[Date Prev][Date Next][Thread Prev][Thread Next][Date Index][Thread Index]
Re: index sorting in texi2any in C issue with spaces
From: |
Patrice Dumas |
Subject: |
Re: index sorting in texi2any in C issue with spaces |
Date: |
Wed, 31 Jan 2024 23:11:02 +0100 |
On Wed, Jan 31, 2024 at 08:10:56PM +0000, Gavin Smith wrote:
> On Wed, Jan 31, 2024 at 10:15:08AM +0100, Patrice Dumas wrote:
> > Hello,
> >
> > I implemented index sorting in C with XS interface in texi2any.
> > When unicode collation is wanted, based on my understanding of
> > Eli suggestions, a collation locale is set to "en_US.utf-8", by
> > newlocale (LC_COLLATE_MASK, "en_US.utf-8", 0)
> > and then strxfrm_l is used (which should be the same as using
> > strcoll_l). With conversion in C/with XS set with environment variable
> > TEXINFO_XS_CONVERT=1 and for now only for HTML, if TEST customization
> > variable is not set.
>
> It seems like a pretty obscure interface. It is barely
> documented - newlocale is in the Linux Man Pages but not the
> glibc manual, and strxfrm_l was only in the Posix standard
> (https://pubs.opengroup.org/onlinepubs/9699919799/functions/strxfrm.html).
> I don't know of any other way of accessing the collation functionality.
>
> Do you know how portable it is?
I guess not that much, but it seems to exist on MacOS and Windows in
some way according to internet searches. If it does not work the same
on those platforms we could accept patches.
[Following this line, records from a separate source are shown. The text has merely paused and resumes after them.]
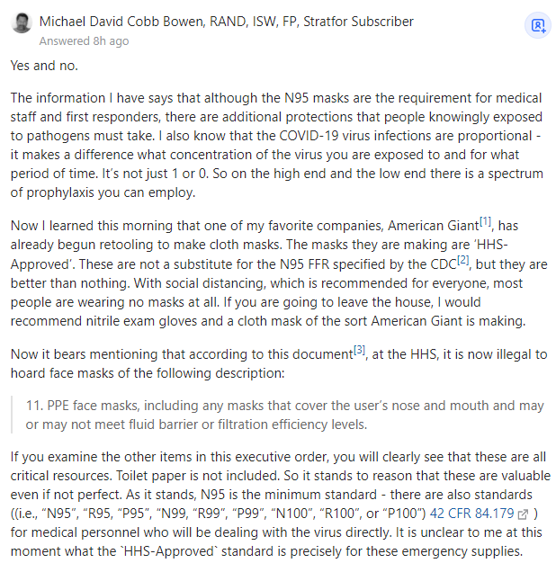 據我所知,儘管N95口罩是醫務人員和急救人員的必備品,但人們在知情的情況下必須採取額外的防護措施。我也知道COVID-19病毒的感染是成比例的,它取決於你接觸的病毒濃度和時間。這並不是0或者1的問題。所以在高要求和低要求之間,你可以使用一系列的預防措施。
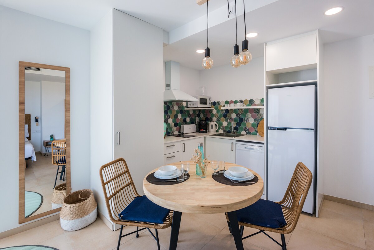 ¡Enamórate de nuevo en nuestro loft vista mar! Podrás ver el mar desde el balcón, mientras despiertas en tu cama o mientras te duchas. Decorado con esmero y con todo lo necesario para que solo os preocupéis el uno del otro. Bamblue Boutique Apartments se encuentra a 500m de la playa, con wifi de alta velocidad, smart TV con chromecast, aire acondicionado, lavavajillas,... Disfruta de tu balcón y las zones comunes: piscina, barbacoa, terraza, solarium,... Tenemos parking (€) bajo reserva previa.
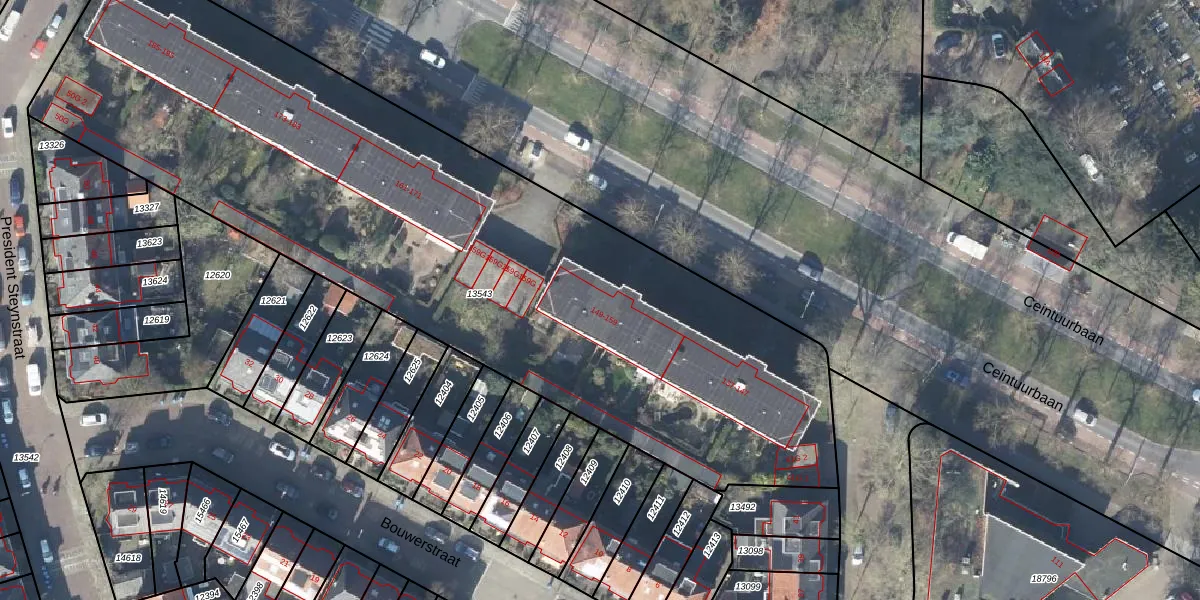 Het perceel waarop Ceintuurbaan 159 staat heeft een oppervlakte van 4336 m². Dit is een zeer groot perceel. De perceeloppervlakte wordt geregistreerd door het Kadaster. Gedetailleerde informatie over de maten van dit perceel kunt u vinden in het rapport Kadastrale kaart met maatvoering van Ceintuurbaan 159.

> The documentation for the corresponding
> Gnulib module says the following:
>
> Portability problems not fixed by Gnulib:
>
> This function is missing on many platforms: FreeBSD 6.0, NetBSD 5.0,
> OpenBSD 6.0, Minix 3.1.8, AIX 5.1, HP-UX 11, IRIX 6.5, Solaris 11.3,
> Cygwin 1.7.x, mingw, MSVC 14, Android 4.4.
>
> <https://www.gnu.org/software/gnulib/manual/html_node/strxfrm_005fl.html>
>
> Could it be possible to have an option of "current locale" collation
> which could use more standard interfaces?
That could be possible, it would be with strxfrm.
> Moreover, en_US.utf-8 will use collation appropriate for (US) English.
> There may be language-specific "tailoring" for other languages (e.g.
> Swedish) that the user may wish to use instead. Hence, it may be
> a good idea to allow use of a user-specified locale for collation through
> the C code.
That would not be difficult to implement as a customization variable.
What about COLLATION_LANGUAGE?
> I expect it would require creating a glibc locale to change the collation
> order, which is not something we can do.
I agree. I suppose that the best we can do is allow for the Perl
collation to be used and document the differences.
--
Pat